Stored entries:
★ ★ ★ ★ ★

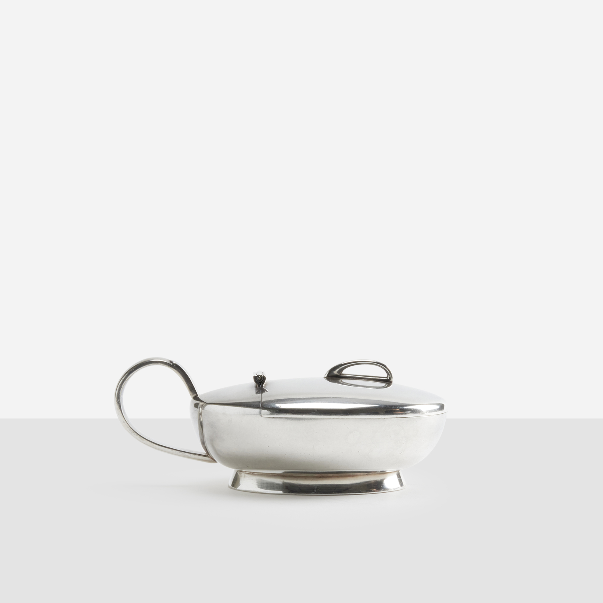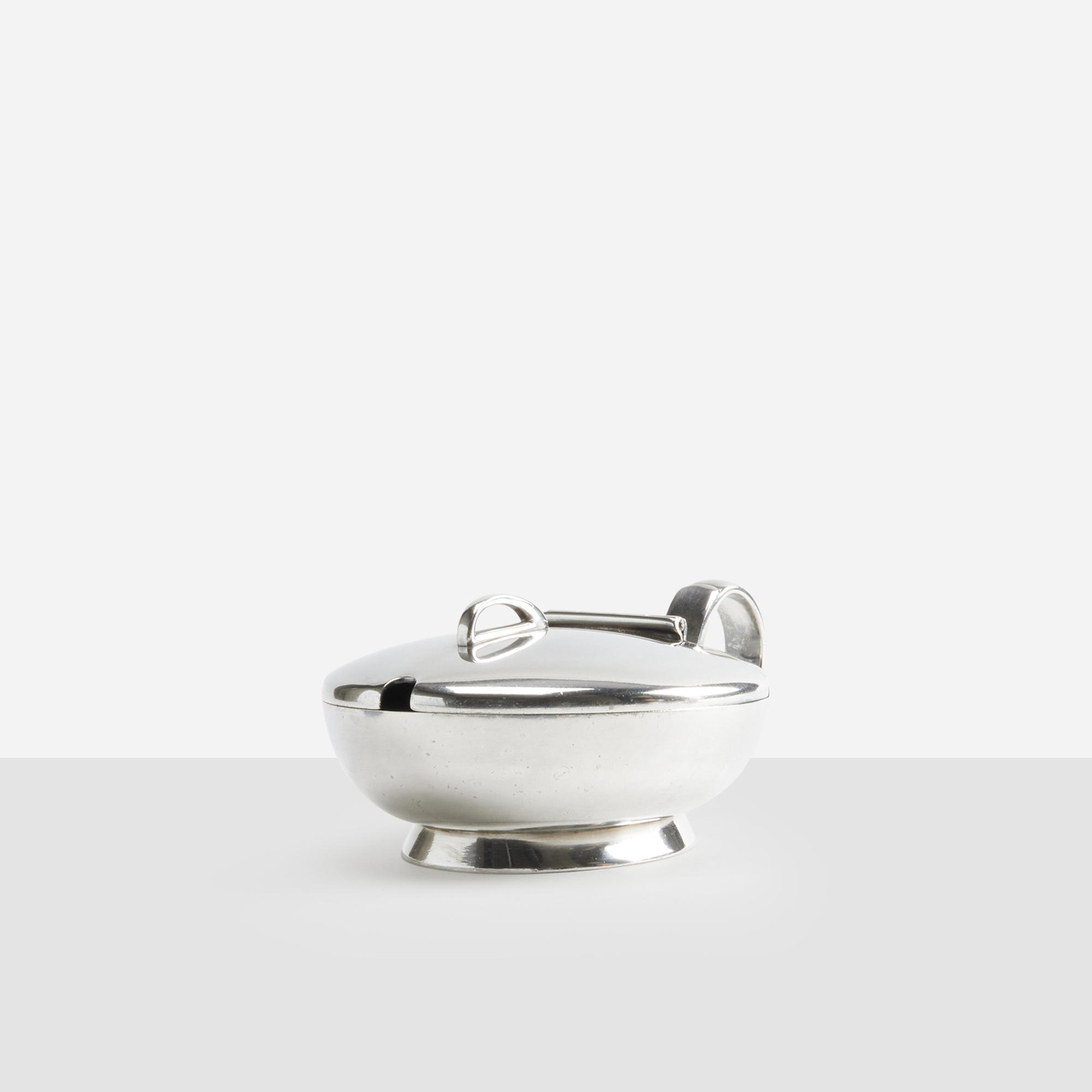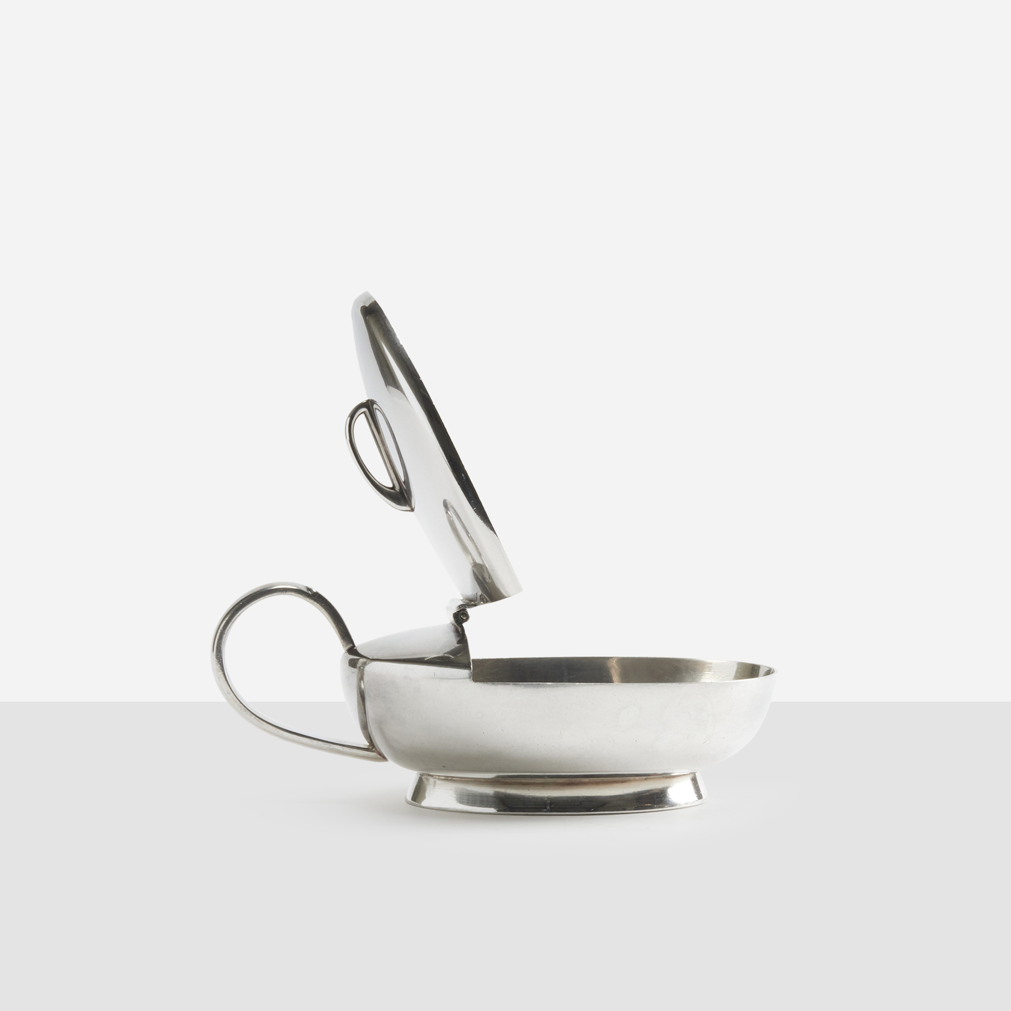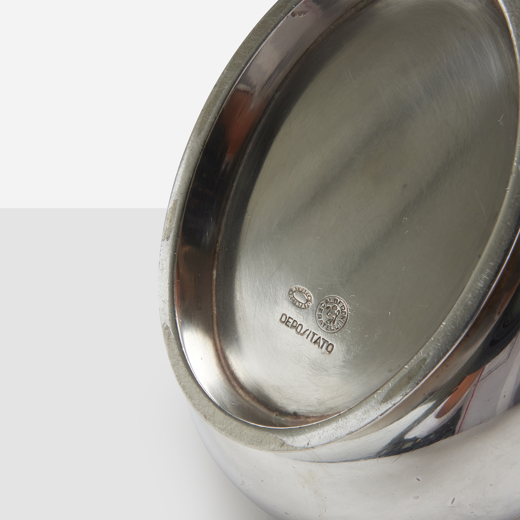 Both pieces rest on pedestal bases and feature Ponti’s characteristic modernist restraint—clean lines with sculptural handles. The creamer’s integrated hinged lid mechanism reflects the designer’s attention to functional elegance, typical of luxury hotel service pieces from this era.
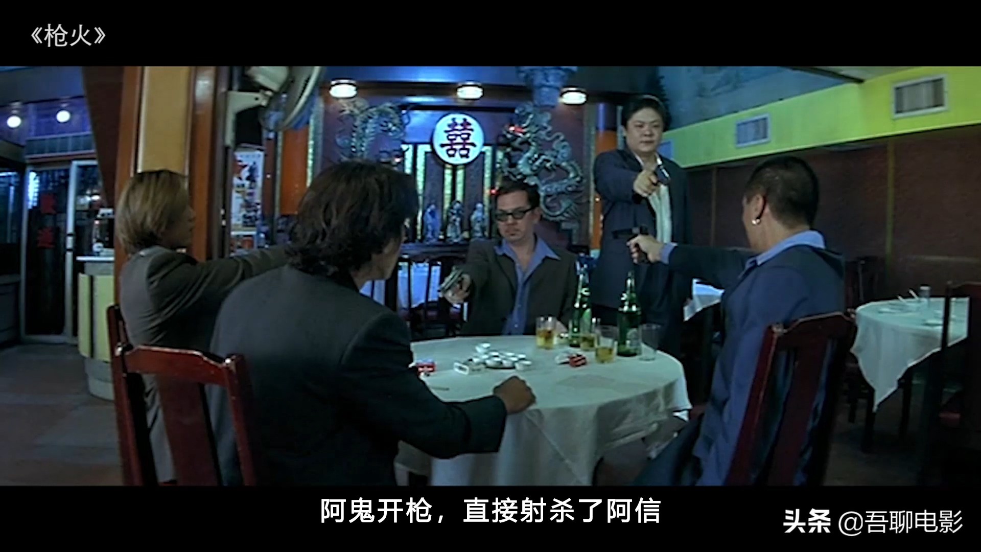 5人组这边等的不耐烦,阿来还给杀手点了根烟,阿鬼接到指令,拔枪把杀手击毙,保护老大的任务完成,可是电影的高潮还没有结束。
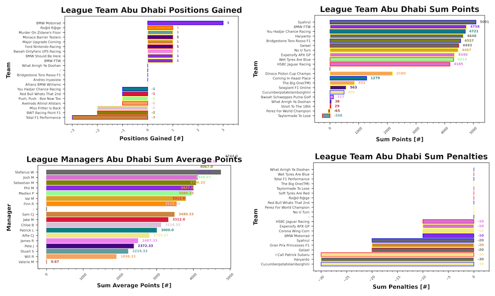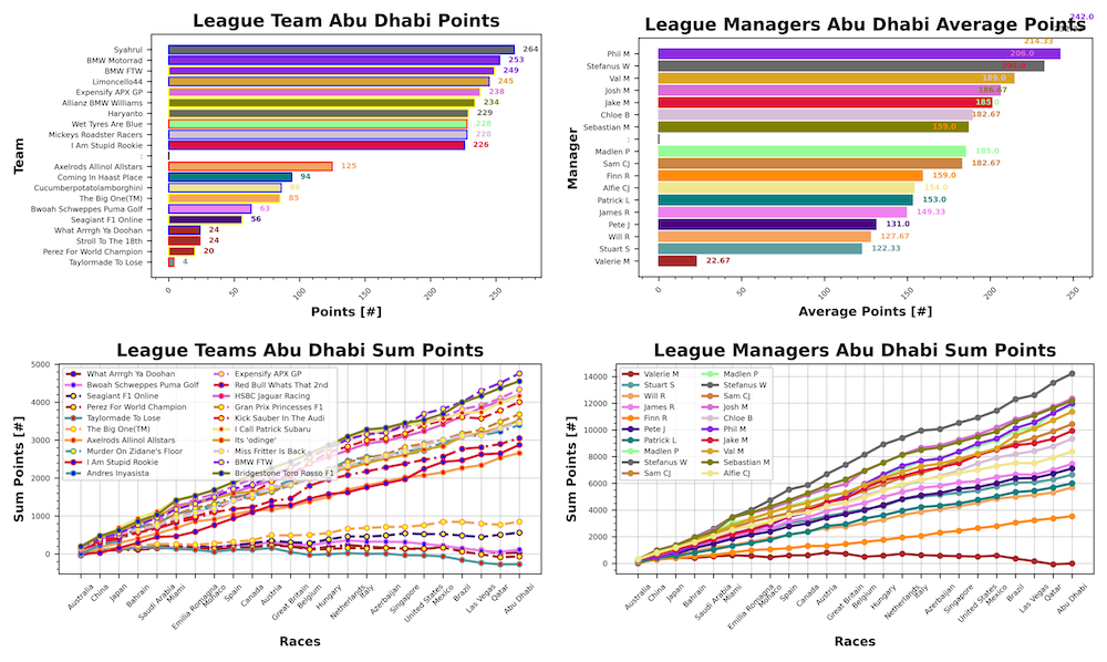 With the points all settled, it’s Max Verstappen who takes the 2025 Fantasy title with 776 points, ahead of Lando Norris in second with 707. Oscar Piastri rounds out the rostrum with 644 points ahead of George Russell with 580. In the battle at Ferrari, it’s Charles Leclerc who takes the honours in fifth with 407 points to Lewis’ 391. Kimi Antonelli secures a decent sixth place in his rookie season with 311, followed by fellow rookie Bearman with 206. Albon next with 198 points, ahead of Tsunoda and Ocon with 177. Hulkenberg just misses out on the top ten with 147 points, 1 ahead of Stroll in twelfth with 146. Sainz next in his first season at Williams with 130 points, ahead of Isack Hadjar with 111. Liam Lawson finishes his season with 59 points, just 1 ahead of Gasly and Alonso with 58 points. Gabby Bortoleto finishes in seventeenth with 53 points, having quite the advantage over Franco Colapinto who secures 8 points overall in technically last. Finally, the three inactive drivers: Doohan with -544, Tsunoda Racing Bulls with -644, and Lawson Red Bull with -645.
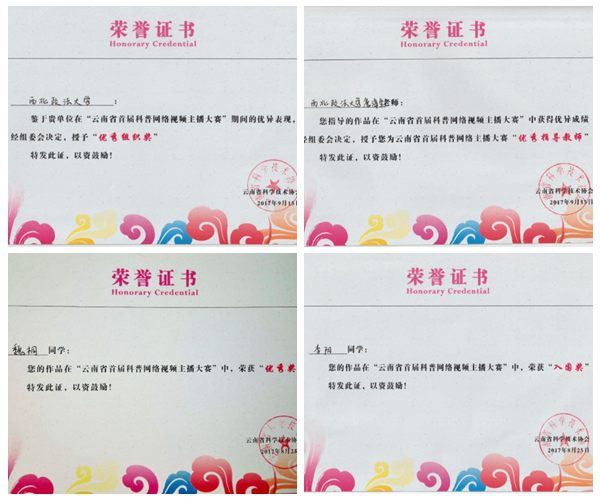 学子在云南省首届“科普网络视频主播大赛”中喜获佳绩
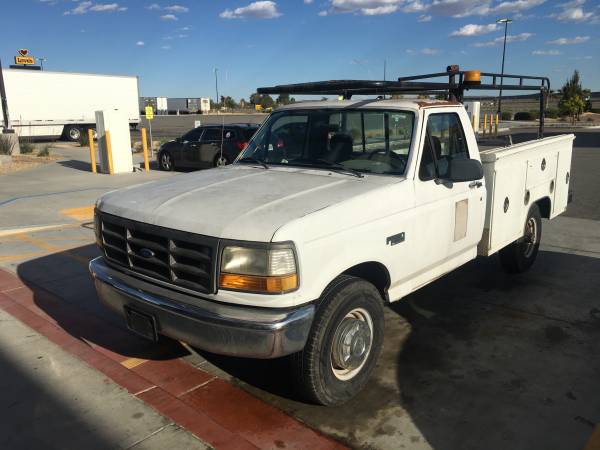 FORD F-250 XL 1994 'California' Utility Box Work Truck-California means 'RUST FREE TRUCK'- Impressive low mileage just 128K miles, with a New engine 5.8 L V8. Factory AM-FM Radio Tape Stereo Cassette, All six (6) Storage-Box keys lock. Without any problems I Just drove it Straight from California. Has Rack-it super structure with strobe lights. Also, Stow-away Power Crane stored in rear bumper- I've seen these lifts priced as high as $6400. Had new brakes etc. installed in Las Vegas, just changed the oil/filter a couple days ago and it just passed VA Inspection.
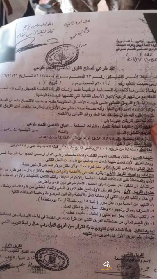 وجاء في صورة العقد المسربة المنسوب للفيلق الخامس: إن “القيادة العامة للجيش والقوات المسلحة التابعة للنظام، ارتأت التعاقد مع من لديهم الرغبة لإنجاز الأعمال القتالية التي تقتضيها المصلحة العامة”.

★ ★ ★ ★ ★

Exercise requirements
Include the first line of the records, the line containing "5人组这边等的不耐烦,阿来还", and every line between them, repeated exactly. Skip the pictures.

Solution for this task
 Both pieces rest on pedestal bases and feature Ponti’s characteristic modernist restraint—clean lines with sculptural handles. The creamer’s integrated hinged lid mechanism reflects the designer’s attention to functional elegance, typical of luxury hotel service pieces from this era.
 5人组这边等的不耐烦,阿来还给杀手点了根烟,阿鬼接到指令,拔枪把杀手击毙,保护老大的任务完成,可是电影的高潮还没有结束。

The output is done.